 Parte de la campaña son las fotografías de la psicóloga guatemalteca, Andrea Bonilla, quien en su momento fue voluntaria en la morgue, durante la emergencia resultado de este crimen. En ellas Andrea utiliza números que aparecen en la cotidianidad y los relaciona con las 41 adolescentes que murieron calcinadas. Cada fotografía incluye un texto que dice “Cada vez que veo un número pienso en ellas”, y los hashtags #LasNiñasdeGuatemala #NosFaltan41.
════════
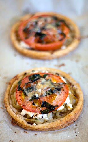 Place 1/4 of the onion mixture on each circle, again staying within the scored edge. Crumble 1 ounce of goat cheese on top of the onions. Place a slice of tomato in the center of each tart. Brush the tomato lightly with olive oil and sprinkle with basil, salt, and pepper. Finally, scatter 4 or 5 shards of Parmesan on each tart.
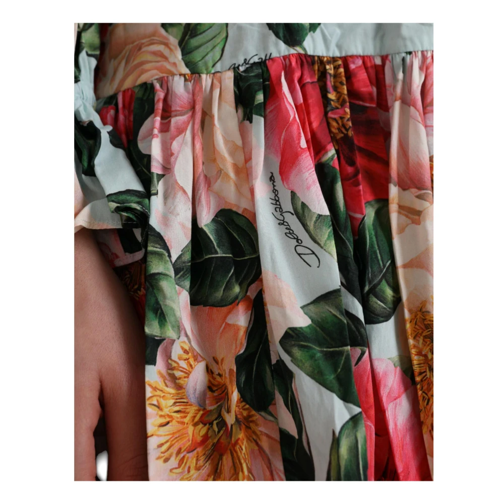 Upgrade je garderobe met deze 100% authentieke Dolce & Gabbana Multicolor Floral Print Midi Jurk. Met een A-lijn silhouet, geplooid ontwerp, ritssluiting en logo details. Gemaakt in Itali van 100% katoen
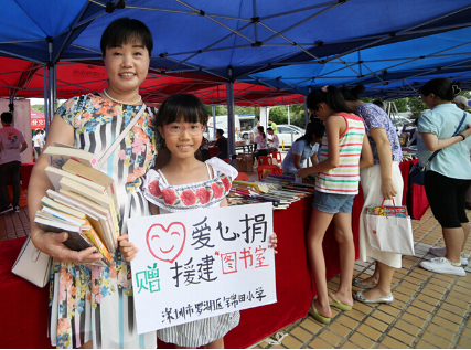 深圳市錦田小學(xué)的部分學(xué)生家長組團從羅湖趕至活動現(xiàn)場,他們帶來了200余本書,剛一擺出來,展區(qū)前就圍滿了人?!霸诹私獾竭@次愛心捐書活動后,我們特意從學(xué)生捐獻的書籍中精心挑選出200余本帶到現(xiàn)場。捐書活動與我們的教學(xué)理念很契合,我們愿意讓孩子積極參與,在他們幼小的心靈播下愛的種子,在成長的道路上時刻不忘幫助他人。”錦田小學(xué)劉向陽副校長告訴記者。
════════
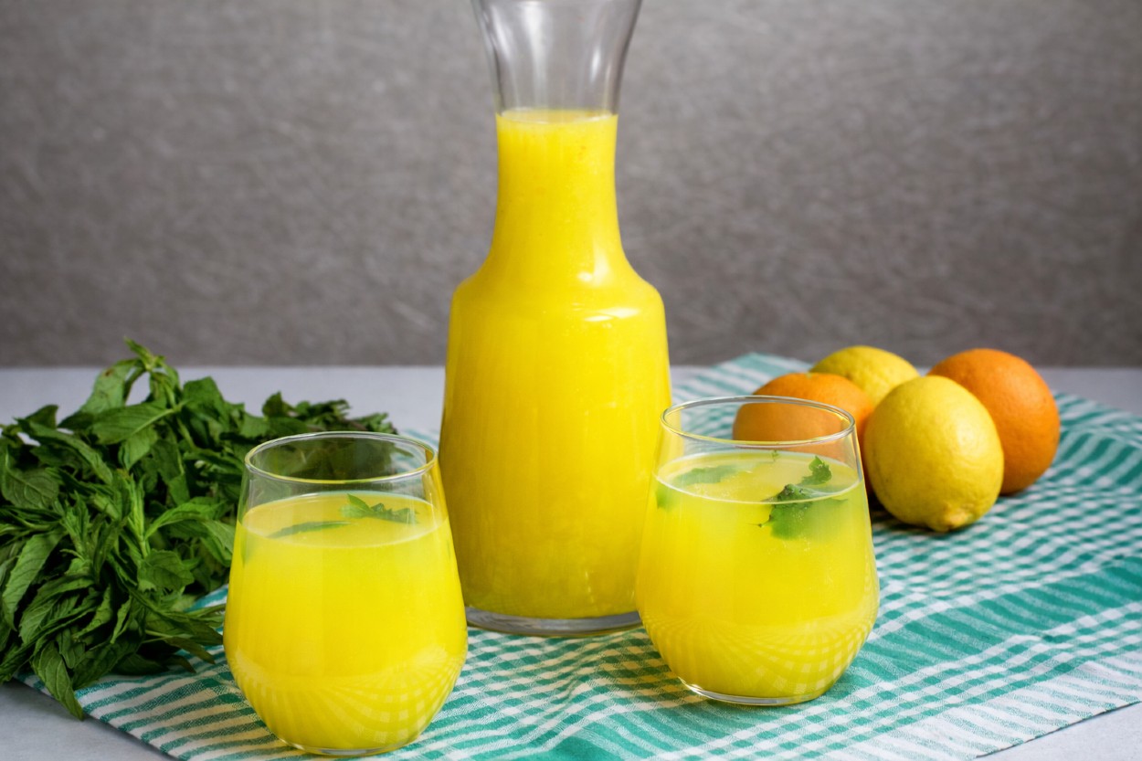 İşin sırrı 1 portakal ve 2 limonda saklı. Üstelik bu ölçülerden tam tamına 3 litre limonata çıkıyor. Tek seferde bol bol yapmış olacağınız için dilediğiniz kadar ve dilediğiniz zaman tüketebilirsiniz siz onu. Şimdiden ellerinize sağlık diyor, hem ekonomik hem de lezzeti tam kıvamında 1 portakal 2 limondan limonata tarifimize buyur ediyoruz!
════════
Requirement =>
What are the lines in the records above, word for word, from the one containing "Upgrade je garderobe" through the one containing "深圳市錦田小學(xué)的部", both ends included and pictures left out?

Completed task =>
 Upgrade je garderobe met deze 100% authentieke Dolce & Gabbana Multicolor Floral Print Midi Jurk. Met een A-lijn silhouet, geplooid ontwerp, ritssluiting en logo details. Gemaakt in Itali van 100% katoen
 深圳市錦田小學(xué)的部分學(xué)生家長組團從羅湖趕至活動現(xiàn)場,他們帶來了200余本書,剛一擺出來,展區(qū)前就圍滿了人?!霸诹私獾竭@次愛心捐書活動后,我們特意從學(xué)生捐獻的書籍中精心挑選出200余本帶到現(xiàn)場。捐書活動與我們的教學(xué)理念很契合,我們愿意讓孩子積極參與,在他們幼小的心靈播下愛的種子,在成長的道路上時刻不忘幫助他人。”錦田小學(xué)劉向陽副校長告訴記者。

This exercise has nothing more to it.